Whenever we call into the refs interfaces we potentially have to reload
refs in case they have been concurrently modified, either in-process or
externally. While this happens somewhat automatically for loose refs
because we simply try to re-read the files, the "packed" backend will
reload its snapshot of the packed-refs file in case its stat info has
changed since last reading it.

In the reftable backend we have a similar mechanism that is provided by
`reftable_stack_reload()`. This function will read the list of stacks
from "tables.list" and, if they have changed from the currently stored
list, reload the stacks. This is heavily inefficient though, as we have
to check whether the stack is up-to-date on basically every read and
thus keep on re-reading the file all the time even if it didn't change
at all.

We can do better and use the same stat(3P)-based mechanism that the
"packed" backend uses. Instead of reading the file, we will only open
the file descriptor, fstat(3P) it, and then compare the info against the
cached value from the last time we have updated the stack. This should
always work alright because "tables.list" is updated atomically via a
rename, so even if the ctime or mtime wasn't granular enough to identify
a change, at least the inode number should have changed.

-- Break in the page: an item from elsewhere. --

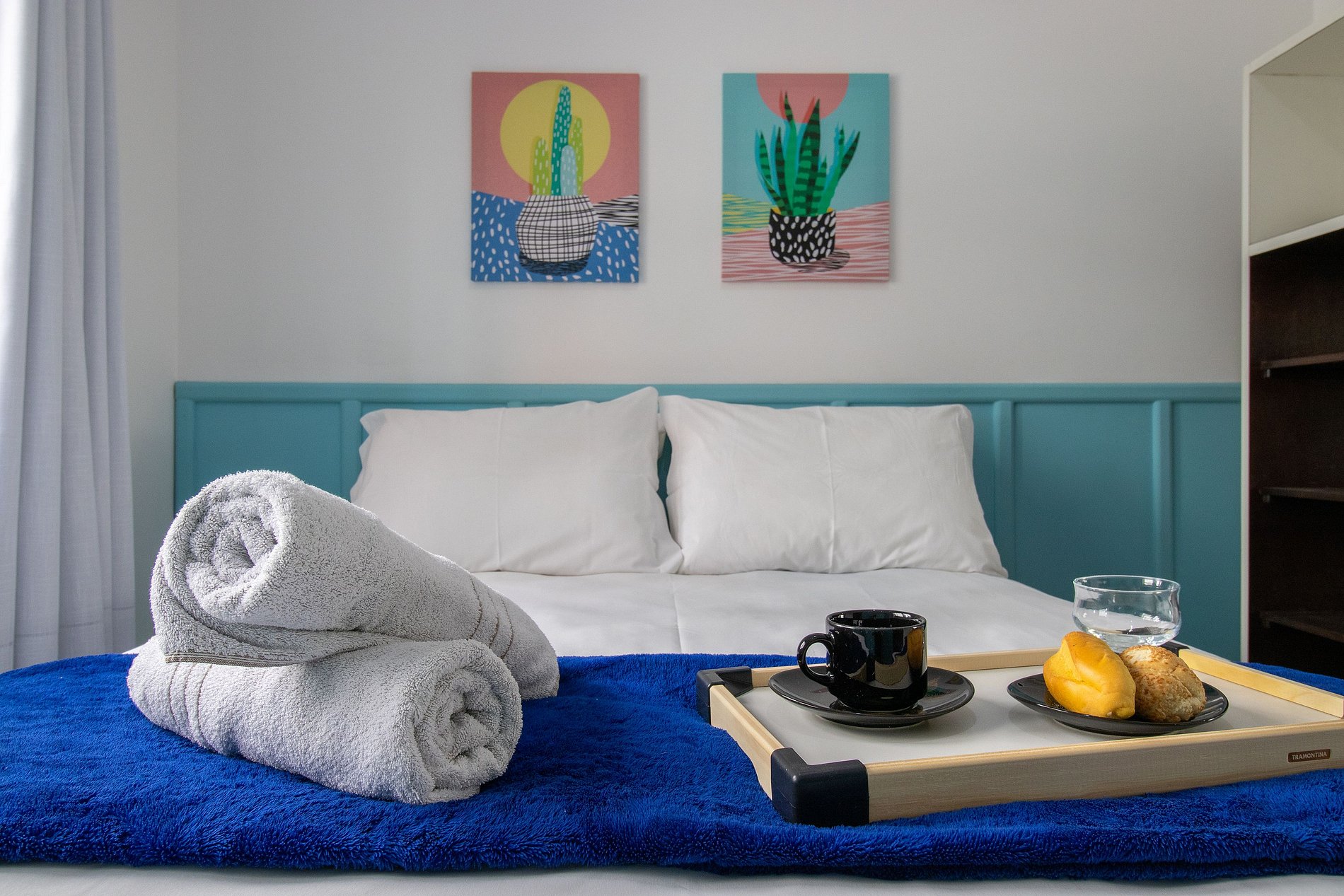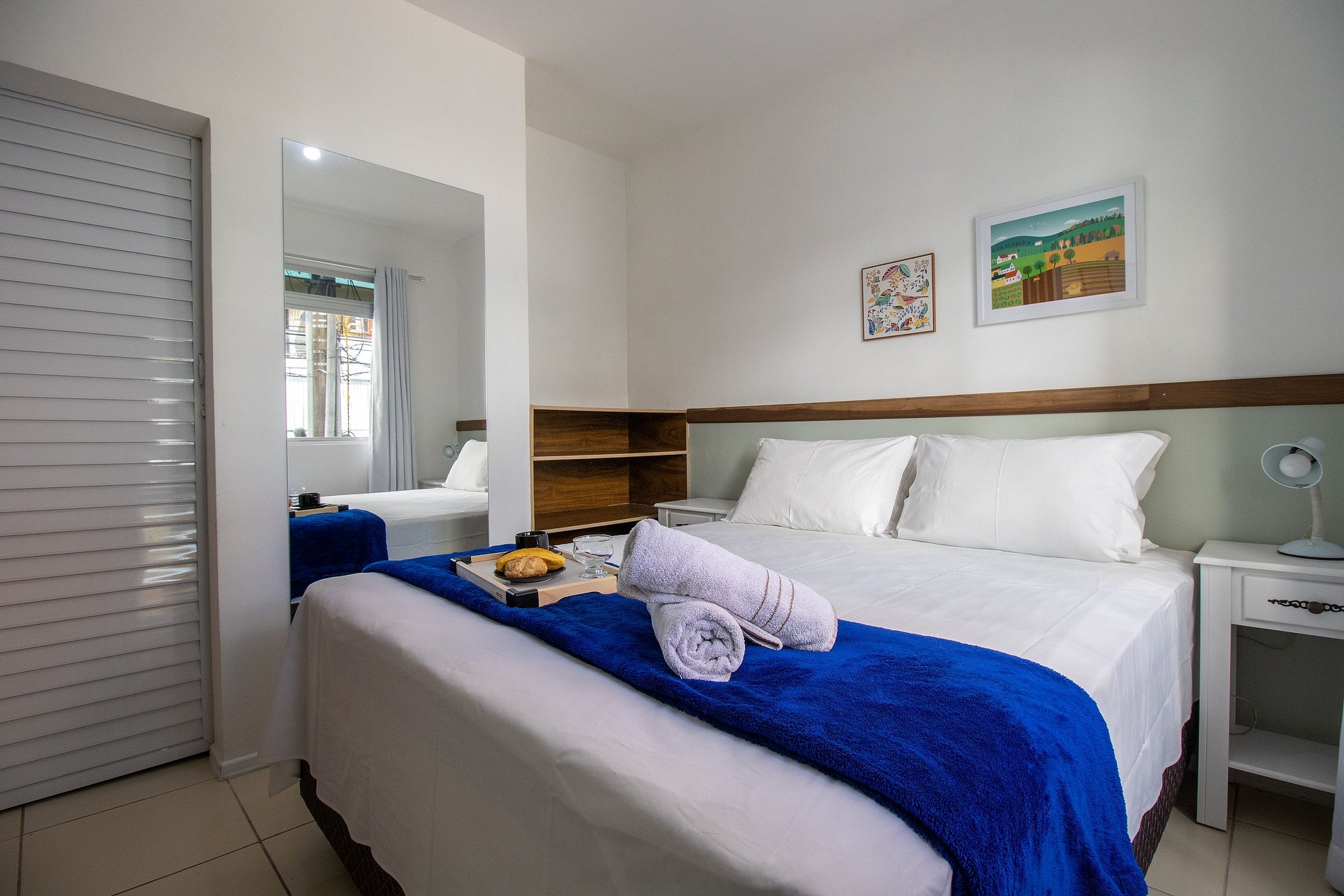 Disponibilizamos roupas de cama básica, travesseiros com fronha e uma toalha de banho por hóspede. Oferecemos um edredom para cada cama e uma manta de microfibra para o sofá-cama, garantindo seu máximo conforto.

This change significantly speeds up operations where many refs are read,
like when using git-update-ref(1). The following benchmark creates N
refs in an otherwise-empty repository via `git update-ref --stdin`:

  Benchmark 1: update-ref: create many refs (refcount = 1, revision = HEAD~)
    Time (mean ± σ):       5.6 ms ±   0.2 ms    [User: 2.5 ms, System: 3.0 ms]
    Range (min … max):     5.2 ms …   6.0 ms    89 runs

  Benchmark 2: update-ref: create many refs (refcount = 100, revision = HEAD~)
    Time (mean ± σ):      19.2 ms ±   0.3 ms    [User: 8.6 ms, System: 10.4 ms]
    Range (min … max):    18.4 ms …  19.8 ms    63 runs

  Benchmark 3: update-ref: create many refs (refcount = 10000, revision = HEAD~)
    Time (mean ± σ):      1.310 s ±  0.014 s    [User: 0.566 s, System: 0.724 s]
    Range (min … max):    1.291 s …  1.342 s    10 runs

  Benchmark 4: update-ref: create many refs (refcount = 1, revision = HEAD)
    Time (mean ± σ):       5.7 ms ±   0.4 ms    [User: 2.6 ms, System: 3.1 ms]
    Range (min … max):     5.1 ms …   9.5 ms    91 runs

  Benchmark 5: update-ref: create many refs (refcount = 100, revision = HEAD)
    Time (mean ± σ):      15.2 ms ±   0.3 ms    [User: 7.0 ms, System: 8.1 ms]
    Range (min … max):    14.3 ms …  17.1 ms    71 runs

  Benchmark 6: update-ref: create many refs (refcount = 10000, revision = HEAD)
    Time (mean ± σ):     916.1 ms ±  11.0 ms    [User: 420.8 ms, System: 495.0 ms]
    Range (min … max):   906.9 ms … 943.8 ms    10 runs

  Summary
    update-ref: create many refs (refcount = 1, revision = HEAD~) ran
      1.01 ± 0.09 times faster than update-ref: create many refs (refcount = 1, revision = HEAD)
      2.72 ± 0.11 times faster than update-ref: create many refs (refcount = 100, revision = HEAD)
      3.42 ± 0.13 times faster than update-ref: create many refs (refcount = 100, revision = HEAD~)
    163.59 ± 5.62 times faster than update-ref: create many refs (refcount = 10000, revision = HEAD)
    233.91 ± 7.92 times faster than update-ref: create many refs (refcount = 10000, revision = HEAD~)
---
 reftable/stack.c  | 10 +++++++++-
 reftable/stack.h  |  1 +
 reftable/system.h |  1 +
 3 files changed, 11 insertions(+), 1 deletion(-)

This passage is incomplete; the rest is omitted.